YOUR GOAL - Produce an exact copy of all the data below, dropping every image.

INPUT DATA -
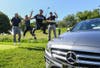 Caption #2: Pictured is a foursome at ACLD Foundation's Golf Outing jumping for joy at a chance to win a lease for a new Mercedes E300 sponsored by Enterprise Fleet Management.
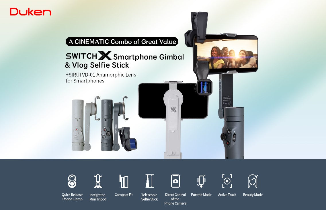 DUKEN Switch X is a foldable smart gimbal that can be used together with SIRUI smartphone Anamorphic lens. The perfect combination of the multiple shooting modes that the gimbal features with the 2.4:1 aspect ratio, lens flares, oval bokeh, etc. that the lens produces allows you to capture stunning shots with a high-quality anamorphic look at a low cost.
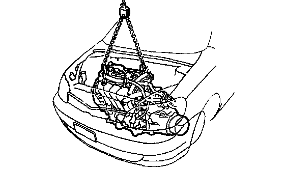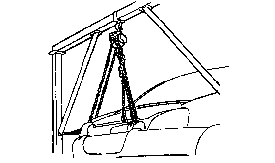 b) Slowly lower the vehicle, and raise the engine into the engine compartment.
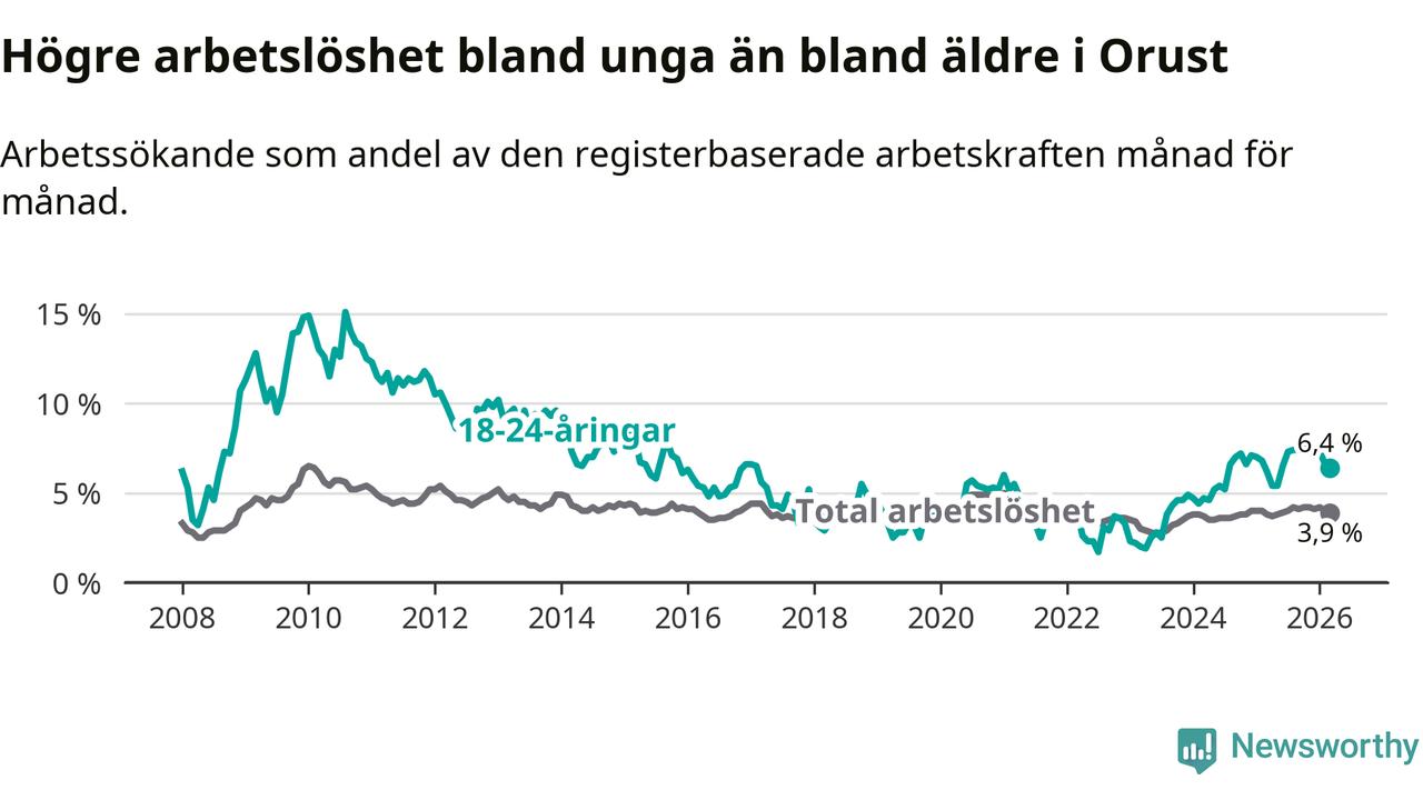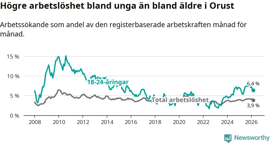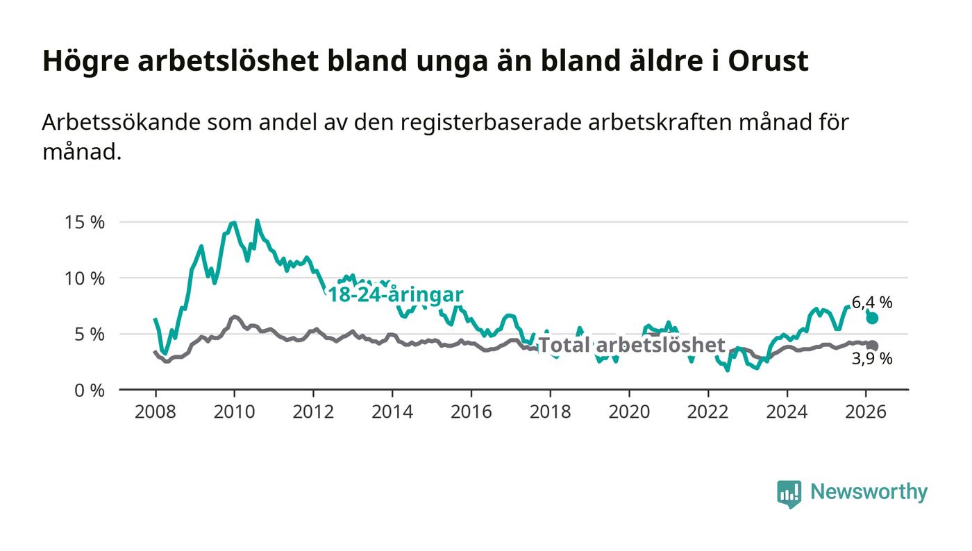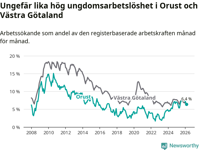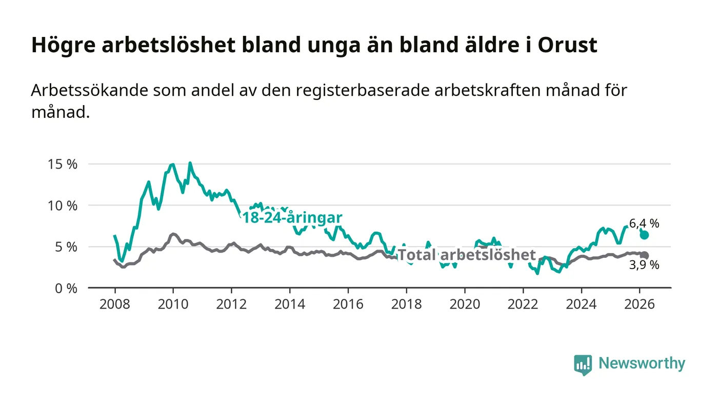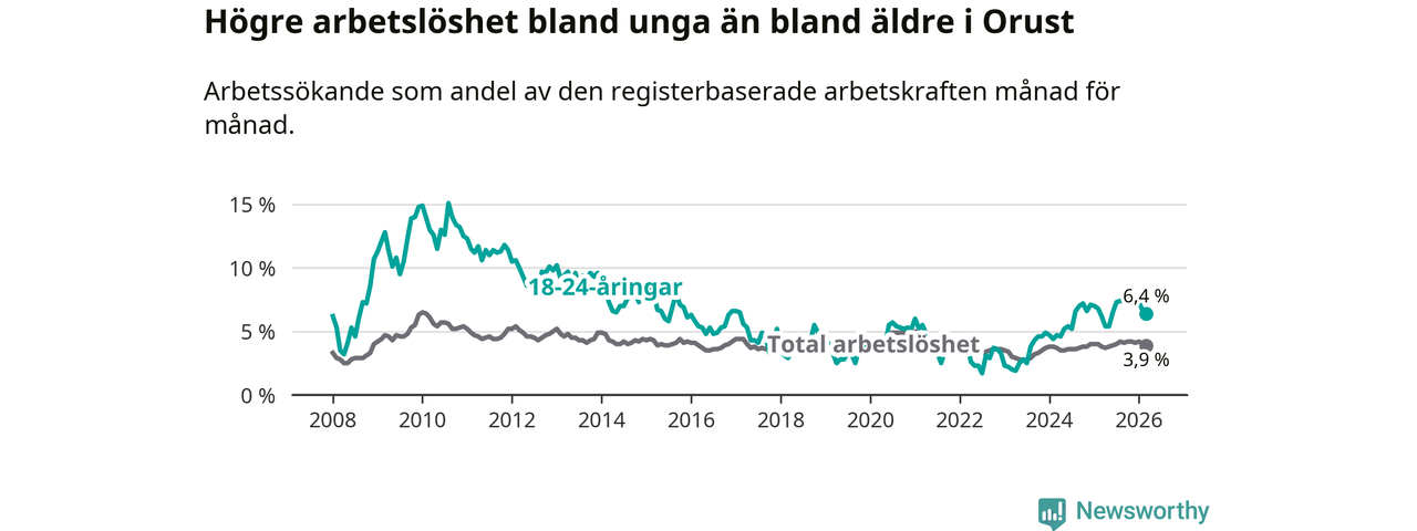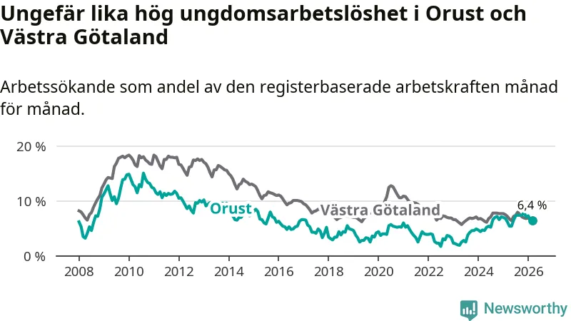 Medan Orust har lägre total arbetslöshet än Västra Götaland, ligger ungdomsarbetslösheten på i stort sett samma nivå.

RESPONSE TO THE EXERCISE -
 Caption #2: Pictured is a foursome at ACLD Foundation's Golf Outing jumping for joy at a chance to win a lease for a new Mercedes E300 sponsored by Enterprise Fleet Management.
 DUKEN Switch X is a foldable smart gimbal that can be used together with SIRUI smartphone Anamorphic lens. The perfect combination of the multiple shooting modes that the gimbal features with the 2.4:1 aspect ratio, lens flares, oval bokeh, etc. that the lens produces allows you to capture stunning shots with a high-quality anamorphic look at a low cost.
 b) Slowly lower the vehicle, and raise the engine into the engine compartment.
 Medan Orust har lägre total arbetslöshet än Västra Götaland, ligger ungdomsarbetslösheten på i stort sett samma nivå.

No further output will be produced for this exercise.